Reviews

Circa: The Return – (Barbican Centre)

Circa bring their new contemporary circus show to the Barbican

All it takes is a wall: burnished steel, bolted together at the back of the stage. It's instantly recognisable: a perimeter fence or a border barrier. The one keeps people in, the other keeps them out. It's the West Bank. It's Berlin. It's Mexico, Hungary, Calais, Turkey – any one of the 65 five standing in the world today, keeping people apart, curtailing their freedom.

Just by its presence onstage, the wall transforms Circa's performers. Stood in front of it, the six men and women dressed in grey become the world's dispossessed, its migrants and refugees. They stare out at us blankly, both pleading and accusatory, and their bodies start to twist. Hips swivel. Spines skew. Joints rotate in their sockets. These human figures slowly contort and mutate, until bit by bit, they lose their shape. Some grow freakish, some deform. Others combine into zygotes. One by one, they become almost inhuman – at least, director Yaron Lifschitz dares us to see them as such. It's a small step from a refugee crisis to a final solution, he warns; a slippery, slippery slope.

The Return takes its start from Claudio Monteverdi's opera Il Ritorno d'Ulisse in Patria, sung from the side of the stage by Robert Murray and Kate Howden – sometimes straight, sometimes shuffled, and sometimes roughed up as electronica in Quincy Jones's arrangements. Framed as a piece about distance, separation and home – Ulysses miles from his native Ithaca, his wife Penelope waiting for him – Lifschtiz picks up Monteverdi's themes and transposes them onto images of migration.

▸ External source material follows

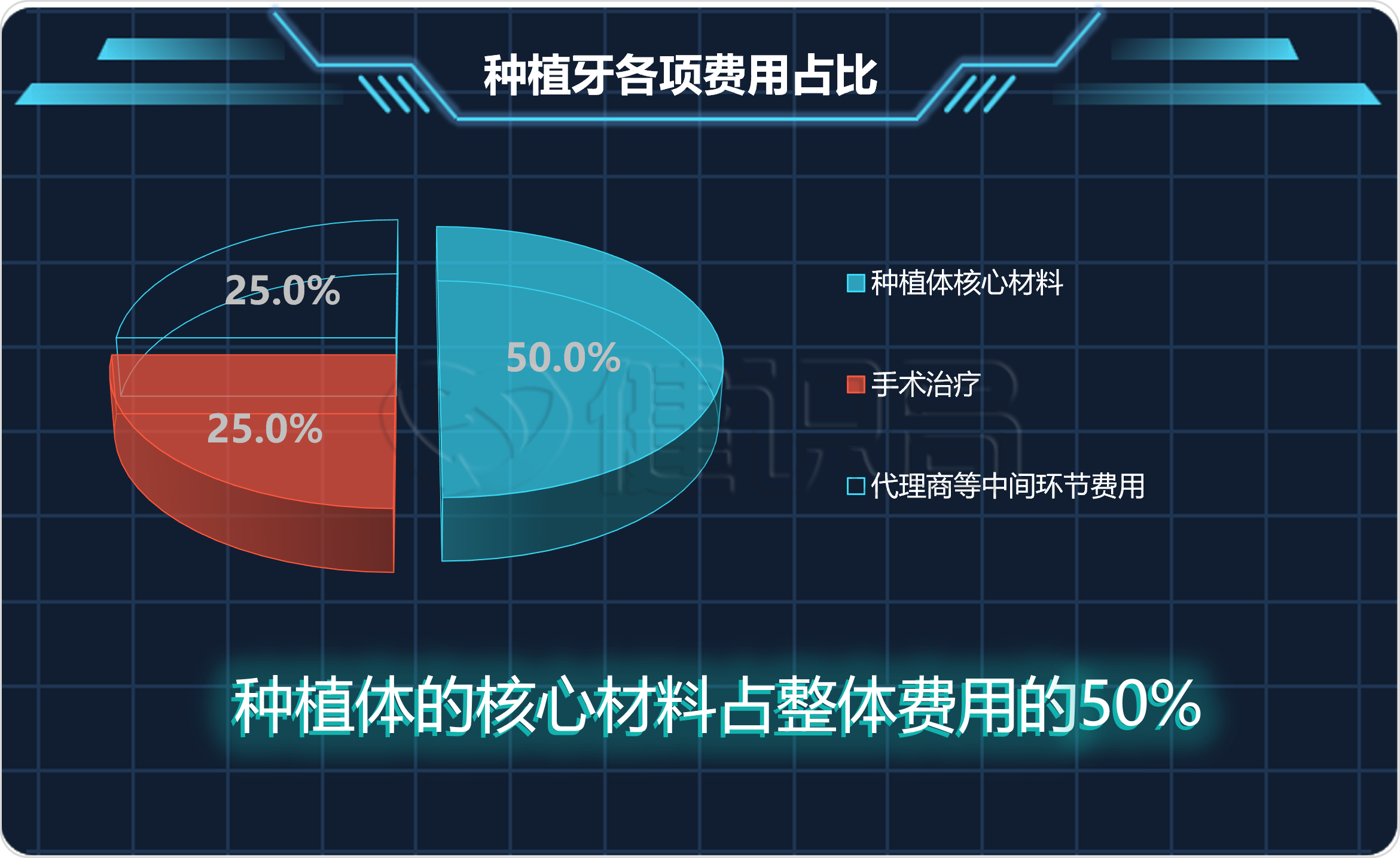 種植牙調(diào)節(jié)費用居高不下,根本原因是在于牙冠種植體等耗材產(chǎn)品上。根據(jù)天平洋證券研究報告顯示,種植牙花費在3500元到1.2萬元之間,種植體的核心材料占整體費用的50%,手術調(diào)節(jié)費用占比25%,剩下的是代理商等中間環(huán)節(jié)費用。

The Return is circus filled up with pain: bodies pushed to their breaking points, straining at the edge of imbalance. A woman folds herself up like origami, tucking toes beneath her chin, bending her back into an arch. A man launches into a backflip then lands like a bellyflop; his chest scudding into the floor so hard that you'd swear ribs must have cracked. You see ankles sprain and shoulders strain; people walking, full-weight, on the tops of their feet. Bridie Hooper hangs disjointedly from aerial straps, then snaps taut like a gallows drop. Nicole Faubert holds herself up on a clump of steel poles, one slip from a goring. You realise, time and again, that you're holding your breath.

It's about strength too, though: the will too keep moving, to keep holding one another up. Pairs cross the stage via slow-motion acrobatics: each hauling the other the next step of the way. They bear one another's weight for as long as they can stand; women lifting men as often as not.

The Return's a hard watch though – and not just because it's so wince-inducing. Lifschitz keeps things Spartan and austere; grinding feats of endurance over grand, flighty spectacles. You sometimes have to squint to see the level of difficulty involved. Standard hand-to-hand routines are performed without eye contact, a mark of distance and dislocation between partners that makes an intimate act seem parched and sexless. Individually, routines hit their targets, but together they're repetitive and relentless, and, as fitting as that is, it can feel uncompromising. The stakes aren't always kept up and the images aren't all so expressive.

What Lifschitz never finds is a real, felt connection to the music. It sits like a soundtrack on top of the action, and it's staged as such too, tacked on at the side, in another register altogether. It's enough to intrude on the overall atmosphere, to pull focus from the physical pain – but then maybe that's the point. Does art – and grand art like opera in particular – distract us from the realities of the world? Might it be a barrier in its own way?

The Return runs at the Barbican Centre until 31 January.